Я искренне завидовал пустым людям, им не сносило башню страшной стихийной силой, с которой даже бороться не стоило и не хотелось.
Юри не хотел, чтобы его видели. Он не хотел даже, чтобы на катке был я.
Я не спрашивал. Прошлые разговоры нежданно открыли мне, что Юри был более чем готов к откровениям — а я?
А я сам не был.
Я не спрашивал — он молчал.
Молчать было уютно.
Мы лежали на сдвинутых кроватях, дотрагиваясь до волос и животов, кончиков пальцев и стоп.
Сонно, спокойно.
Покой всегда вызвал у меня паранойю — это ненадолго. Это пройдет, не расслабляйся, не радуйся.
— Так, чтобы никто не видел.
Он говорил то, что я думал. Как только он выйдет под белый язык прожектора, как только двинется, как только взлетит — все оборвется, кончится.
От его заявления — «покончим со всем после Финала», — веяло фатализмом, гнилью, жутью.
А как же я, — хотелось орать, хотелось драться. Юри сидел — прямой, как спинка стула, смотрел в стену.
— Виктор, — у него были опухшие глаза.
Надо бы научить его. Витя, не Виктор.
— Я сделаю все возможное. Думаю, каток дадут, на ночь его не снимает никто. Нормальные тренеры предпочитают, чтобы ночью их подопечные все-таки спали.
Юри болезненно улыбнулся.
Он всегда делал больше, чем я ожидал.
Но это меня не прельщало, не удивляло, потому что я всегда сам так делал. Удивлял. Делал больше, чем можно.
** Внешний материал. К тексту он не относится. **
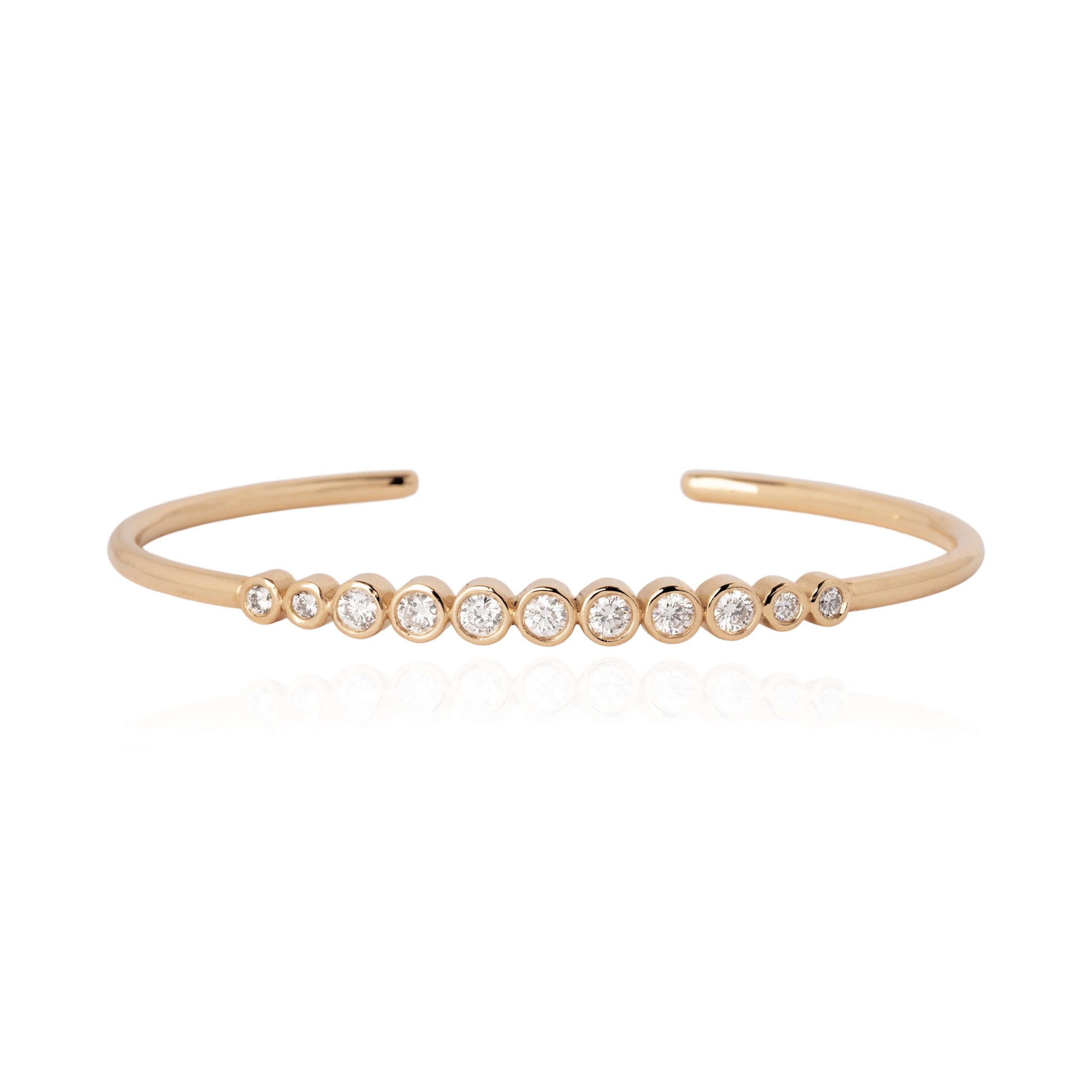 En klassiker er det her bøjlearmbånd, armbåndet er så smukt med den fine række af smukke brillanter.
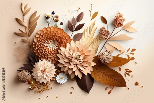 © shehbaz, Fototapeta premium Autumn composition made of beautiful flowers on a light background. Floristic decoration
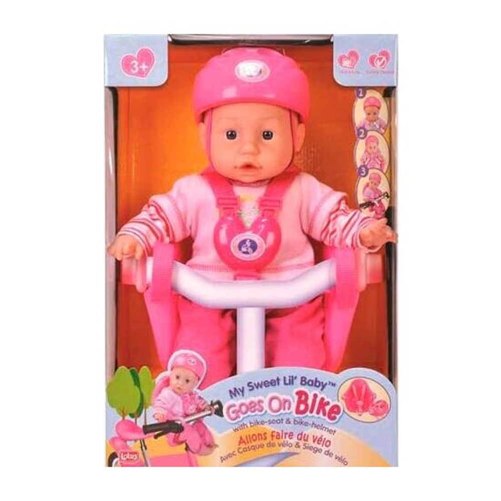 Милый пупс с мягким телом, одетый в розовые штанишки и полосатую кофточку. На голове у пупса розовый шлем, также в наборе кресло для пупса, которое удобно крепить к рулю детского велосипеда, чтобы Ваша дочурка могла брать пупса с собой на велопрогулку!

Я хотел, чтобы он остался. И оставил все как есть.
Я привык к тому, что он рядом, что я — тренер, а он подопечный.
Я вдруг понял, что буду тосковать по его катанию. За такой короткий срок я привык не показывать, а смотреть. Кто-то сказал бы, что я опустился, что это непростительно.
Но, может быть, я вдруг становился именно тренером, и если кто и мог бы сделать из меня тренера, это был Юри.
А Юри гнал меня, слал в задницу. Метки ничего не меняли, оказывается.
Да, мы это говорили и раньше. Только раньше, получается, было честнее, потому что мы не знали, что связаны, и не боялись ненароком прибить друг друга.
А теперь мы выбираем слова, потому что, подумать только, ими можно убить.
«Ты мне не нужен» — нельзя. У Витеньки отпадет к хуям нога. Надо — «Мне нужно побыть одному и все обдумать».
«Какая разница, кто мой Меченный?» — отказать. «Я бы выбрал тебя в любом случае» — утвердить.
«Фигурист из тебя точно получше, чем тренер, » — ни в коем случае. «Я хочу смотреть на тебя всегда» — да, пожалуйста, два раза.
Да ты ведь уже все глаза проглядел, наверное, если ты не врешь мне, но каким местом ты смотришь вечно, Юри, давай, наконец, сменим тебе очки, а?
— Я собирался уйти.
Юри молчал, слушая, разглядывал свои руки.
Теперь голос был сорван у меня. У Юри под волосами, вдоль линии роста, цвели алые, яркие укусы. Если зачесать, как обычно делали, будет не видно.
На видном месте мы следов не оставляли.
— В конце прошлого сезона решил — в задницу это все. Думал, откатаю этот как последний — и хватит с меня.
Юри глянул искоса — быстро и напуганно, — и снова уставился на свои руки.
— На банкете, где ты танцевал. И я танцевал. У меня начала болеть нога, и я решил, что все к одному — и так собирался восвояси, а тут и повод есть. Думал, если дотяну год — откатаю лучшую в жизни программу, я в ней орал на всю планету, что я ищу. Своего, понимаешь. Хотел одним выстрелом двух зайцев убить. И показать, что ищу, и попрощаться. Если лодыжка не переломится прямо на льду. Иногда, знаешь, бывает, как будто до кости просверлили.